# Material for the task:
*** Block opens ***

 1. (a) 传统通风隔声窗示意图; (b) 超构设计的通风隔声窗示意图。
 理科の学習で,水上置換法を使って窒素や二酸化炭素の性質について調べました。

*** Block closes ***
*** Block opens ***

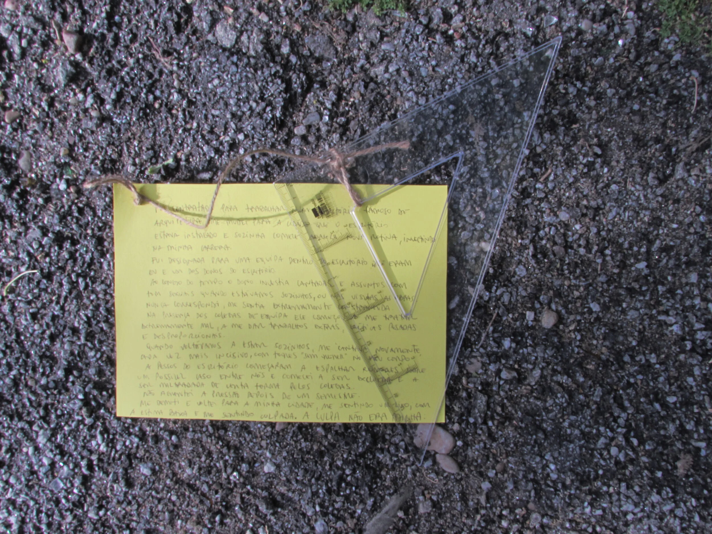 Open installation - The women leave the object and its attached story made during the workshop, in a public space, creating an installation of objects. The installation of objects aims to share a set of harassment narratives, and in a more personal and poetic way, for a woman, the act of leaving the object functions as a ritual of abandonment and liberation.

*** Block closes ***
*** Block opens ***

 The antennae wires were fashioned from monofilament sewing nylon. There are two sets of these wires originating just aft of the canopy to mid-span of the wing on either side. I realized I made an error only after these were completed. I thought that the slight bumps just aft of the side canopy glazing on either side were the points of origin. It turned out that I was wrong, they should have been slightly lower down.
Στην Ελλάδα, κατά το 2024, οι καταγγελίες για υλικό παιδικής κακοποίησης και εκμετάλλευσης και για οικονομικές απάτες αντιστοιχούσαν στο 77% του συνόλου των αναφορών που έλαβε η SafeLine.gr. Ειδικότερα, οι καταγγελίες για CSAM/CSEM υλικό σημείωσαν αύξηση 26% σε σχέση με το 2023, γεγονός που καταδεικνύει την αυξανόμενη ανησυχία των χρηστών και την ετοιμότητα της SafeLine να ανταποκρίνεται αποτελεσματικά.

*** Block closes ***

# Action item:
In the listing above, find the line with "The antennae wires" and the line with "Στην Ελλάδα, κατά", then print exactly those two lines and every line between them, and nothing more.

# Solution to this exercise:
 The antennae wires were fashioned from monofilament sewing nylon. There are two sets of these wires originating just aft of the canopy to mid-span of the wing on either side. I realized I made an error only after these were completed. I thought that the slight bumps just aft of the side canopy glazing on either side were the points of origin. It turned out that I was wrong, they should have been slightly lower down.
Στην Ελλάδα, κατά το 2024, οι καταγγελίες για υλικό παιδικής κακοποίησης και εκμετάλλευσης και για οικονομικές απάτες αντιστοιχούσαν στο 77% του συνόλου των αναφορών που έλαβε η SafeLine.gr. Ειδικότερα, οι καταγγελίες για CSAM/CSEM υλικό σημείωσαν αύξηση 26% σε σχέση με το 2023, γεγονός που καταδεικνύει την αυξανόμενη ανησυχία των χρηστών και την ετοιμότητα της SafeLine να ανταποκρίνεται αποτελεσματικά.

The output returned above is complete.